Thursday, October 9, 2008

Best of the Net - Thursday October 9, 2008

I sit silenced by the ruthlessness of the market like most of you I'm sure. It's one thing to expect stock prices to fall, another to watch the utter destruction of our capital markets day after day with no sign of abating. Quite often I don't know whether to laugh or cry. And now that I'm firmly sitting in cash, having taken all profits possible from my short positions, I'm hardly consoled by the knowledge that I am a lucky unemotional spectator to this carnage.

As the last days have unfolded I can't seem to shake the notion that what we are witnessing is a once in a century event in slow motion. An inherent characteristic of most of these major panics of the past has been that the market systems malfunction due to the increasing volumes. During the Crash of '29 the ticker didn't finish printing trades for hours after the market had closed. People had very little idea where their stocks were trading throughout the day. The South Sea Crash and Tulip Bubble were rife with examples of mass confusion and misinformation. Additionally, most of these panics were accompanied by market closures.
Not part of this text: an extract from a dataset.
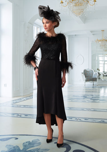 The Irresistible IR7726TJ Black midi dress exudes elegance with its dipped hem and feather detail. Perfect for black tie events or as a sophisticated mother of the bride or groom outfit. Elevate your style with this timeless and stunning dress.

We have been seeing these elsewhere in the world, like Russia and Iceland, to absolute disastrous consequences, but not yet in Europe or North America. What this usually causes is a psychological fear of "not being able to get out." So instead of the enormous declines of 15-20% in a day, we're getting the Chinese Water Torture of 4-7% declines daily. For that we should be belatedly grateful.

The biggest problem I have with the way things are unfolding involve the perpetually terrible advice being trumpeted for the last year by our major media outlets. All along they have been telling the average person that they should be buying for the long-term, even as the economic data were pointing toward far more troubling times. It was entirely predictable. But I suppose that is the nature of the psychological beast we call our capital markets. Chris Puplava had a good chart showcasing one analysts terrible calls over the last year. It is truly amazing. See it here.
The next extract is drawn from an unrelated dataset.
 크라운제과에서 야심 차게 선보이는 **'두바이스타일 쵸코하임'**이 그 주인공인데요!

Another thought I can't seem to shake is that the Chinese have been sitting quite patiently with their massive reserves, and I think the possibility of them doing something crazy have heightened since I wrote about it in early July. I moved a portion of my cash position to the Chinese Renminbi currency ETF (CYB) in anticipation of a revaluation scheme of some sort.

But I'm still very careful about trying to pick up bargains here. It has become quite apparent that this is a beast that cares not about historical extremes. For days now, I've had some of the best technical traders in the world showing me examples of "something that has never happened before." Oversold extremes that have not happened since the statistics started being compiled (usually the early 60's). I've always held that saying, "it's different this time" is one of the most dangerous statements an investor can make. The probabilities of any event being completely different from a fair number of previous data inputs is indeed small.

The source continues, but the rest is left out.